Much densification is occurring in inner-ring suburbs. In turn, restaurants, bars and grocery stores are ideal anchors for mixed-use complexes developed in these neighborhoods, serving as gathering points for residents and employees alike.
Due to their location, these inner-ring suburbs get the dual benefit of higher food-and-beverage spend by suburban households. Few first-ring suburbs have the higher lease-rates typical of urban cores.
The percentage of single-person U.S. households rose to 28 percent last year from 17 percent in 1969, with growth across most age groups, according to Commerce Department data. That, coupled with a rise in dual-income households, means people have less time to prepare, cook and clean up meals.

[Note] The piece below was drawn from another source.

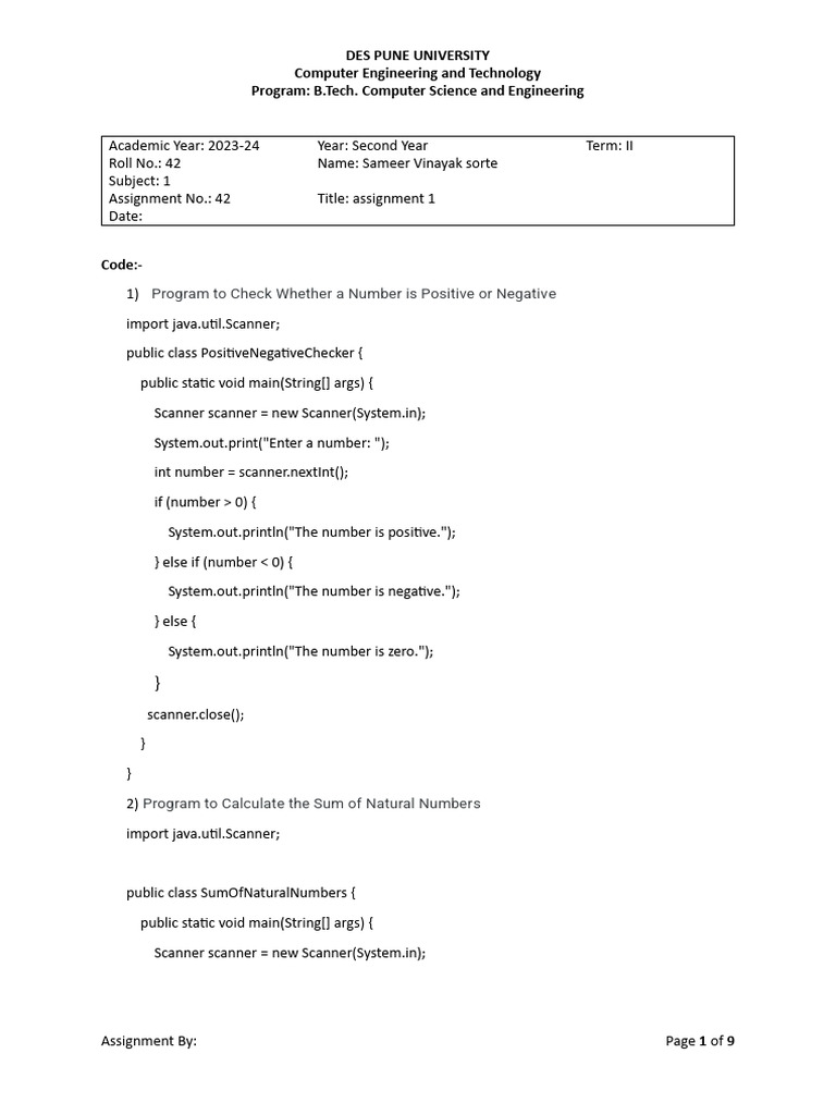 Roll No.: 42 Name: Sameer Vinayak sorte

Among the real-estate implications of this shift are added momentum for convenient F&B formats like fast-casual and fast-food restaurants, and inclusion of bars and restaurants in grocery stores to offer made-to-order, higher-margin fare. Some restaurants are adding kitchen-only locations catering solely to delivery and carryout customers.
The food-and-beverage category’s share of total U.S. retail sales has grown to 24.3 percent in the past 10 years from 22.7 percent in the eight years prior to the recession, according to Commerce Department data. Meanwhile, the category sees lower e-commerce penetration than most others.
Those factors have resulted in restaurants, bars and grocery stores claiming an expanding share of retail real estate. According to the International Council of Shopping Centers, the food-and-beverage category, U.S. mall square footage dedicated to restaurants – excluding food courts – increased by 18 percent since 2007 to 43 million sq. ft.
Millennials dine out more than other generations, but they’re thrifty diners. Currently, Baby Boomers collectively spend the most on food and beverage, and Gen Xers spend the most on a per-household basis.
However, millennials’ wealth constraints will ease over the next decade as they pare their debt and their income grows, resulting in millennials spending more on food and beverage, sometimes in volume and sometimes in price. Boomers, meanwhile, are likely to spend less as they progress in retirement.
These shifts underscore the need for retailers and retail-center owners to analyze and understand their customer base, often through location-analytics technology, so they can tailor their menus and store locations accordingly.
“We see consumer preferences influencing many facets of retail real estate, including store location;; store design to accommodate delivery pickup or prepackaged meals; and different store layouts to incorporate automated ordering and self service,” said David Orkin, an Executive Vice President leading CBRE’s Restaurant practice in the Americas.